We agree that different methodological approaches complicate comparing or pooling data from different studies. A generally accepted consensus on measurement technique and outcome variable would help to alleviate this problem for future studies. Although we do not want to promote one of the outcome measures, decision making should certainly not solely be based on behavioral awakenings, as this outcome measure is too insensitive and relevant noise effects on sleep will be missed. We strongly believe that there is enough evidence demonstrating that noise-induced changes in sleep macro- and microstructure relevantly impair restoration even if they are not accompanied by conscious awakenings. ,
Fidell et al. question the utility of dose-response relationships between single-event aircraft noise metrics and measures of sleep disturbance as slopes are "often unhelpfully shallow," "unambiguous inflection points cannot be identified" and the "acoustic measures account for only a small fraction of the variance". First, because of interindividual differences, it will be much harder to predict the response of an individual relative to the average response of a group of subjects, and it is the latter that is usually the basis for decision making. Second, it is no wonder that little variance is explained if an outcome measure as insensitive as behavioral awakenings is used in conjunction with screening windows that are too long and therefore decrease the signal to noise ratio. Hence, a second-order polynomial fit to the aggregated data of the DLR laboratory study explains a stunning 99.6% of the variance in EEG awakening probability.  For the less-controlled DLR field study,  this value drops to 40.8%, but is still substantial. As far as the shallow slopes are concerned, we have to remind ourselves that the dose-response functions refer to single aircraft noise events. Reaction probabilities of 10% for single events may well induce relevant degrees of sleep disturbance if experienced 100-times or more per night.

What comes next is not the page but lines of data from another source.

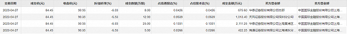 南微医学4月27日大宗交易成交50万股,成交额4222.5万元,占当日总成交额的9.03%,成交价84.45元,较市场收盘价90.35元折价6.53%。
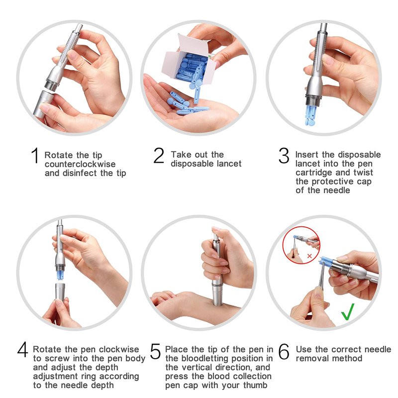 3.According to individual skin, adjust blood lancet pen depth, twist in pursuance of the ring at the top of cap,micro adjust the distance of the cap and needles.
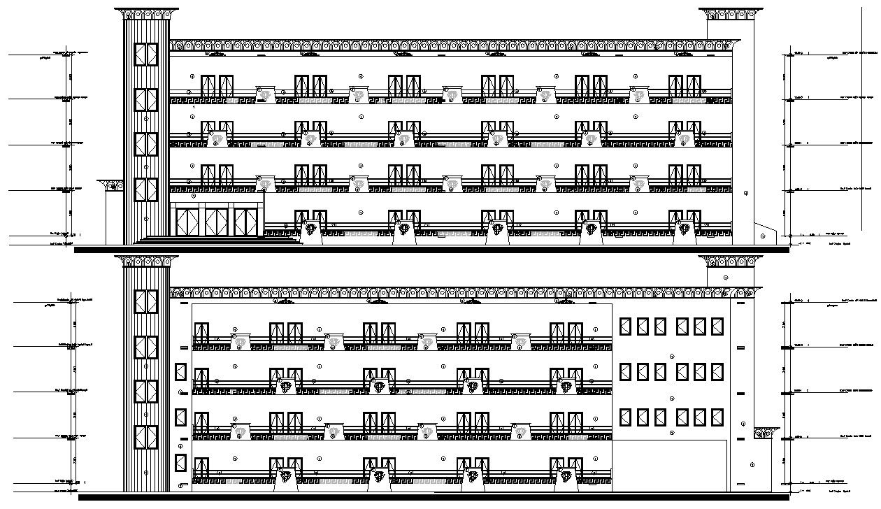 Row apartment building typical section and the elevation details of the DWG Drawing Autocad 2d file
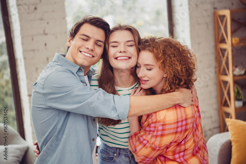 hugging, cuddling, friends, three, people, together, friendship, human relationships, young, group, student, female, woman, woman, girl, girlfriend, male, man, boyfriend, diversity, multinational, comfort, home, casual attire, style, living, room, apartment, flat, dorm, leisure, lifestyle, weekend, vacation, holiday, relaxing, resting, beautiful, natural, light, happy, smile, bonding, cosy, indoor, cheerful, friendly, funny, dorm
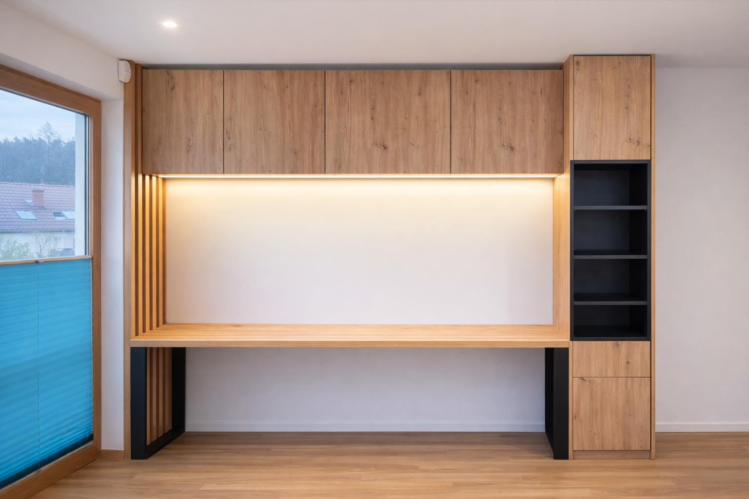 Projekt obejmuje długie biurko robocze, zabudowę górnych szafek oraz funkcjonalny regał, które zapewniają dużą ilość miejsca do przechowywania oraz komfort podczas codziennego użytkowania. Dodatkowym elementem są dekoracyjne lamele ścienne oraz oświetlenie LED, które nadają całości nowoczesnego charakteru i podkreślają naturalną strukturę drewna.

Although we would very much favor unambiguous inflection points ourselves, they are the exception in nature that seems to favor continuous sigmoidal functions.

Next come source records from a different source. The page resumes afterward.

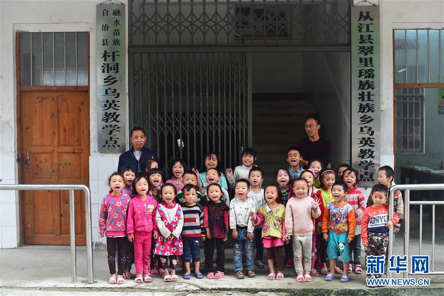 烏英教學點“一??鐑墒^(qū)”,目前有廣西籍學生18名,貴州籍學生9名,廣西貴州籍老師各1名。 烏英苗寨位于黔桂交界的大苗山深處,共有140戶,其中100戶屬廣西柳州市融水苗族自治縣桿洞鄉(xiāng)黨鳩村,40戶屬貴州省從江縣翠里瑤族壯族鄉(xiāng)南岑村。由于地處偏遠,山多地少,經(jīng)濟發(fā)展緩慢,目前整個苗寨還有76戶是貧困戶。 面對艱巨的脫貧任務,當?shù)攸h委政府在努力改善烏英苗寨公共基礎設施的同時,因地制宜,帶動群眾積極發(fā)展特色產(chǎn)業(yè)。從2017年11月至今的一年多時間,這里發(fā)生了很大改變:10戶村民新建了木樓,120多戶完成“三改”(改廁改廚改圈),1名貧困考生考上大學,1戶購買新汽車,4對新人舉行了婚禮,寬帶網(wǎng)絡開始進入貧困戶家庭,苗寨修建了新的辦公大樓和戲臺,安裝了4盞太陽能路燈,購買了40多個新蘆笙,水果種植專業(yè)合作社2018年種植的百香果也開始有所收獲,18戶貧困戶進入脫貧公示階段…… 烏英苗寨600多名黔桂苗族群眾,正在用勤勞的手,拔窮根摘窮帽,一起創(chuàng)造美好的明天。
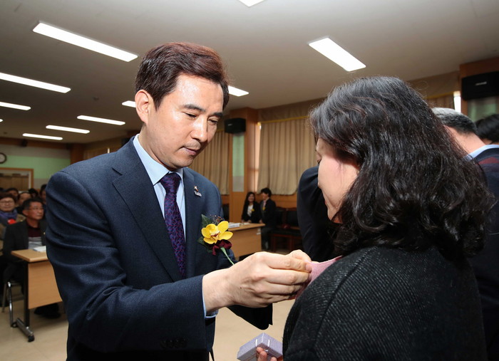 | ▲그린농업기술대학(원) 입학생들에게 대학교 배지를 달아주고 있는 서철모 화성시장.(화성시 제공) |
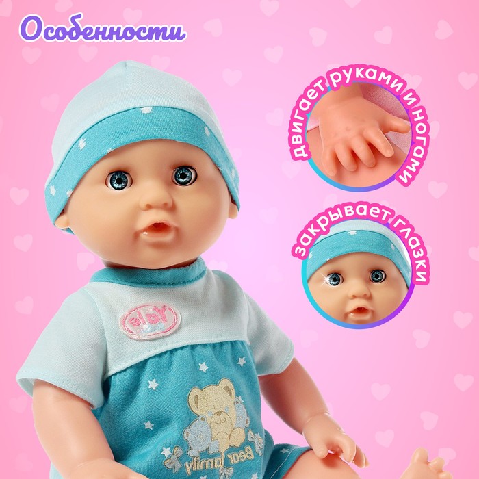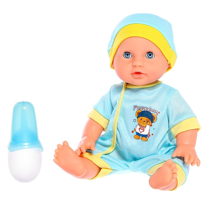 Пупс функциональный «Саша», с бутылочкой, пьёт, писает, цвет голубой

Sleep is indeed "a complex process whose quality can be influenced by many environmental and other factors". This complicates the attribution of sleep disturbance to noise, but it has nothing to do with the relevance of noise-induced sleep disturbance, much like the fact that there are other reasons for lung cancer does not mean smoking does not substantially increase its risk.
We also agree that results from a field study conducted at one airport cannot be simply transferred to another airport in a 1:1 fashion, unless airport operations and the populations living at both airports are very similar. However, if there are differences (e.g., in traffic patterns), and the differences relate to variables that have been shown to relevantly influence sleep and that are known for both airport scenarios, then it should be possible to adjust for the differences and improve the extrapolation of the results from airport 1 to airport 2. 

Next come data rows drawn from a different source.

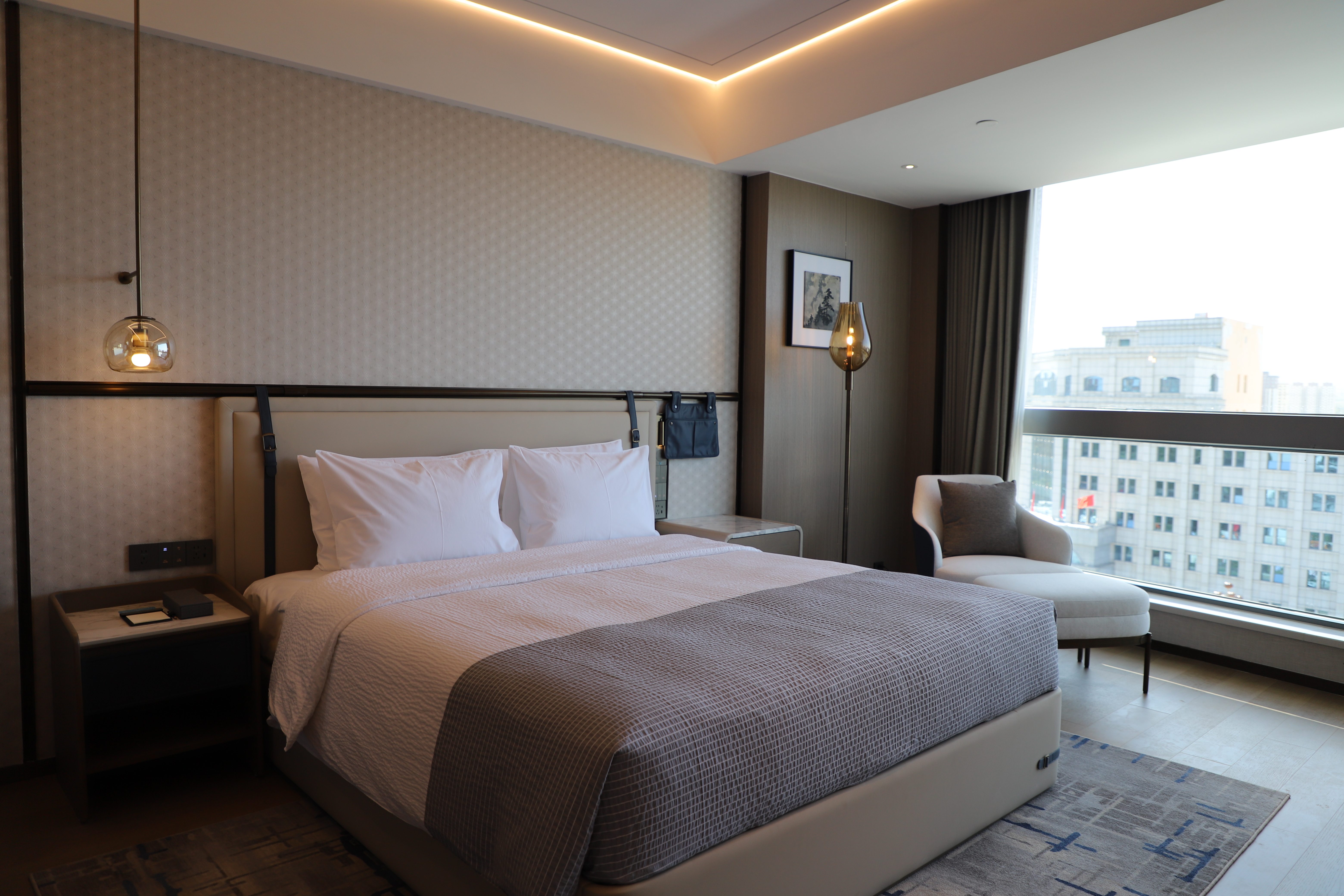 据了解,潞城万达悦华酒店于2023年由山西珺悦酒店运营管理有限公司进行升级打造,投资1.6亿元,是一家集餐饮、住宿、商务、会议等功能于一体的综合性高端酒店。目前,酒店拥有101间客房,每一间客房都经过精心设计,注重细节和舒适度;大堂设置有汉代中式风格的吧台,宋式建筑元素的挂画,充满着传统文化气息。此外,巨型紫色鸢尾花树与高达23米的巨幅《访潞城古八景有感八首》行书作品,更是成为该酒店装饰的点睛之笔,让宾客在享受现代舒适体验的同时,也能感受浓厚的潞城文化氛围。
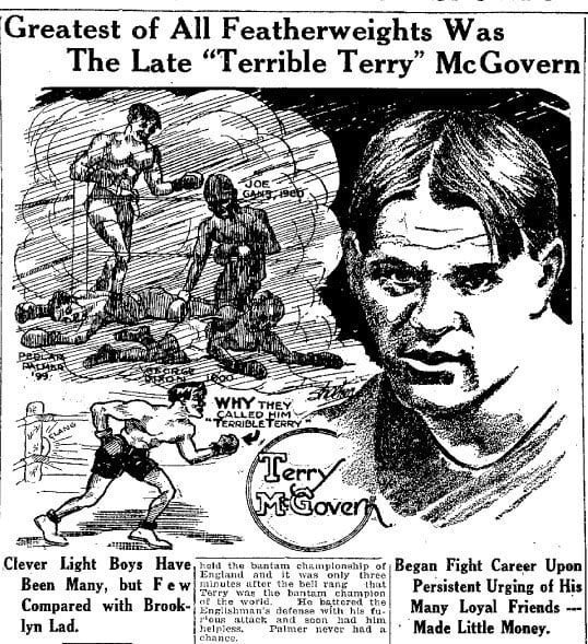 Like I said, "Terrible" Terry McGovern was no joke. He was an Irishman from Brooklyn, New York, they called him "The Brooklyn Terror", he struck fear in hearts of his opponents and up until he met his kryptonite in Young Corbett II, McGovern was a wrecking machine.
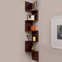WOODEN CORNER WALL SHELVES ZIG ZAG DESIGN BROWN COLOR
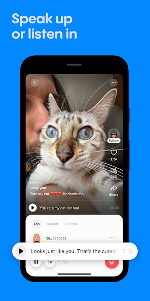 - Reply to posts, talk about what interests you and interact with friends through short voice notes and videos

We further agree that limit values are not set by scientists but by politicians and legislators. However, we still think that science should guide this process and at least define a decision set for the political decision process. The recently published WHO Night Noise Guidelines for Europe  are a good example in this respect. Here, experts in the field defined consensus L night ranges that are linked to specific outcomes related to sleep disturbance and health. These will be very helpful and may facilitate consensus among politicians and legislators for the definition of future limit values.